Петр и Лефорт, оставив войско, поскакали в Паншино. Небольшая станица на острову посреди Дона была окружена, как горелым лесом, оглоблями обозов. Повсюду лежали большерогие волы, паслись стреноженные лошади. Но — ни живой души: в послеобеденный час спали часовые, караульщики, извозные солдаты. Одиноко простучали по-над Доном копыта всадников. На бешеный окрик Петра чья-то взлохмаченная голова вылезла из-за плетня, из конопли. Почесываясь, мужик повел к хате, где стоял боярин... Петр рванул дверь, загудели потревоженные мухи. На двух сдвинутых лавках, покрывшись с головой, спал Стрешнев. Петр сорвал одеяло. Схватил за редкие волосы перепуганного боярина, — не мог говорить от ярости, — плюнул ему в лицо, стащил на земляной пол, бил ботфортом в старческий мягкий бок...
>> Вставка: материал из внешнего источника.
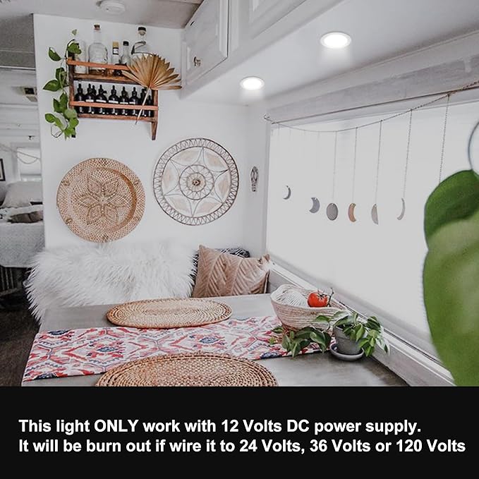 - Versatile Lighting: Ideal for RVs, vans, campers, trailers, motorhomes, and boats, these 12Volts DC led interior lights provide bright, energy-efficient illumination. If you use it at home (120volts AC), please wire this fixture to a proper transformer (not included).
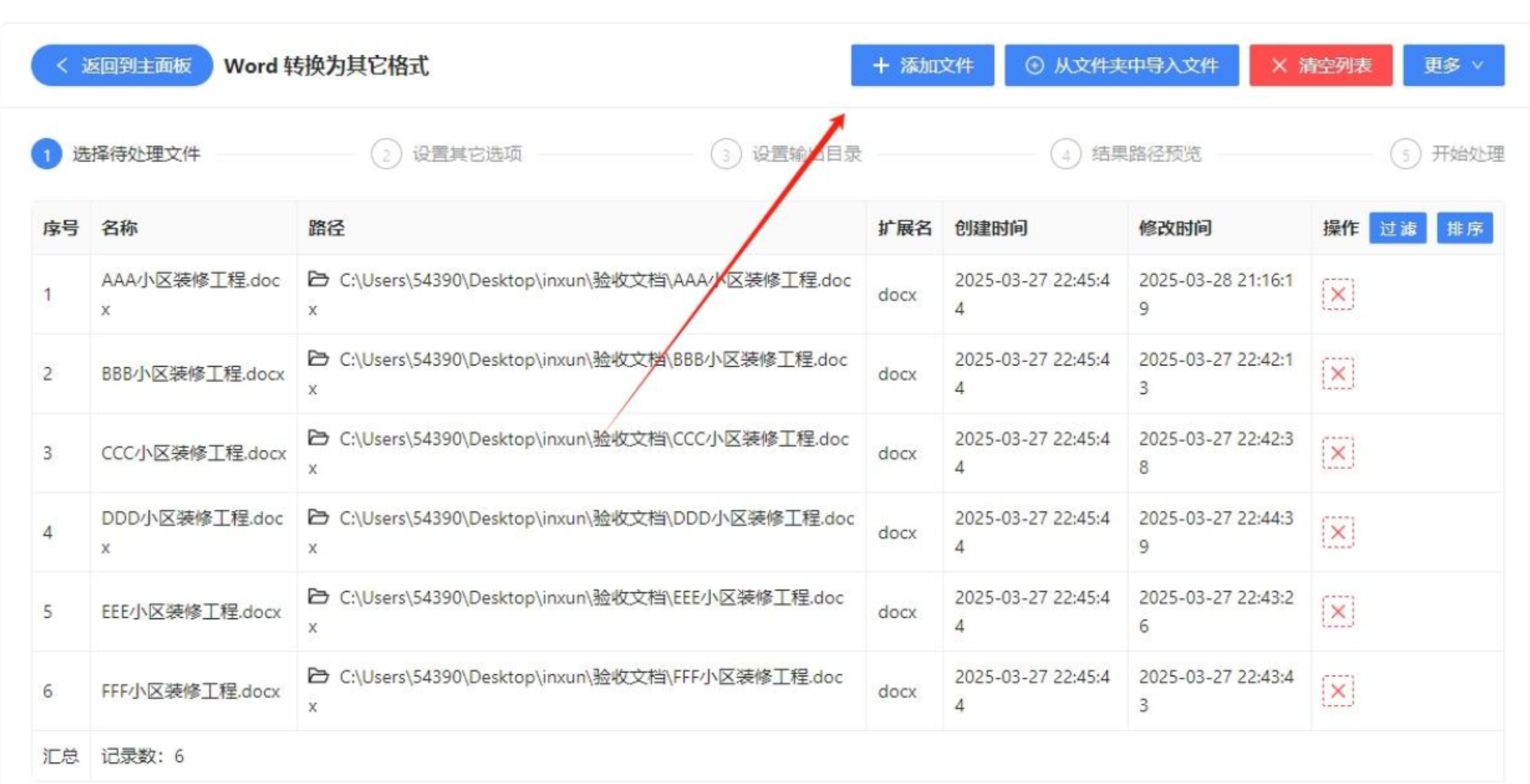 点击"添加文件"按钮时有个小技巧:按住Ctrl键能多选散落各处的文档,直接拖拽文件夹则自动识别所有支持格式。
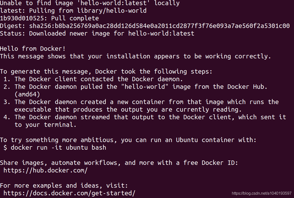 3.2 再运行sudo docker run hello-world,看到这个说明你的docker安装和运行都OK了。

Часто дыша, присел к столу, велел открыть ставни. Глаза выпучены. Под загаром гневные пятна на похудевшем лице.

— Докладывай... Встань! — крикнул он Стрешневу. — Сядь. Подрядчиков повесил? Нет? Почему?

— Государь... (Петр топнул ногой.) Господин бонбандир... (Тихон Стрешнев и кряхтеть боялся и кланяться боялся.) Подрядчики пускай доставят сначала, что должны по записи, а то что же с мертвых-то нам спрашивать...

— Не так... Дурак!.. А почему Иван Бровкин не ворует? Мои люди не воруют, а ваши все воруют?.. Подряды все передать Бровкину... Ушакова, Воронина — в железо, в Москву, к Ромодановскому...

— Так, гут, — сказал Лефорт.

— Что еще? Суда не готовы?

— Господин бонбандир, суда все готовы... Давеча последние пригнали из Воронежа.

— Идем на реку...

Стрешнев в одних домашних сафьяновых чоботах, в распоясанной рубахе пошел дряблой рысью за царем, шагающим как на ходулях. На зеркальной излучине Дона стояли в несколько рядов бесчисленные суда: лодки, паузки, узкие с камышовыми поплавками казачьи струги, длинноносые галеры, с веслами только на передней части, с прямым парусом и чуланом на корме... Все — только что с верфи. Течением их покачивало. Многие полузатонули. Лениво висели флаги. Под жарким солнцем трескалось некрашеное дерево, блестели осмоленные борта.

Лефорт, отставив ногу в желтом ботфорте, глядел в трубу на караван.

— Зер гут... Посуды достаточно...

— Гут, — отрывисто повторил Петр. Чумазые руки его дрожали. И, как всегда, Лефорт высказал его мысль:

— Отсюда начинается война.

— Тихон Никитьевич, не сердись. — Петр клюнул всхлипнувшего Стрешнева в бороду. — Войска прямо грузить на суда. Не мешкая... Азов возьмем с налету...

...................................

На шестые сутки на рассвете в хате Стрешнева в табачном дыму написали письмо князю-кесарю:

"Мин хер кениг... Отец твой великий господин святейший кир Аникита, архиепископ прешпургский и всеа Яузы и всего Кукуя патриарх, такожде и холопи твои генералы Автоном Михайлович и Франц Яковлевич с товарищи — в добром здоровии, и нынче из Паншина едем в путь в добром же здоровии... В марсовом ярме непрестанно труждаемся. И про твое здоровье пьем водку, а паче — пиво..." При сем стояли с малой разборчивостью подписи: "Франчишка Лефорт... Олехсашка Меньшиков... Фетка Троекуров... Петрушка Алексеев... Автамошка Головин... Вареной Мадамкин..."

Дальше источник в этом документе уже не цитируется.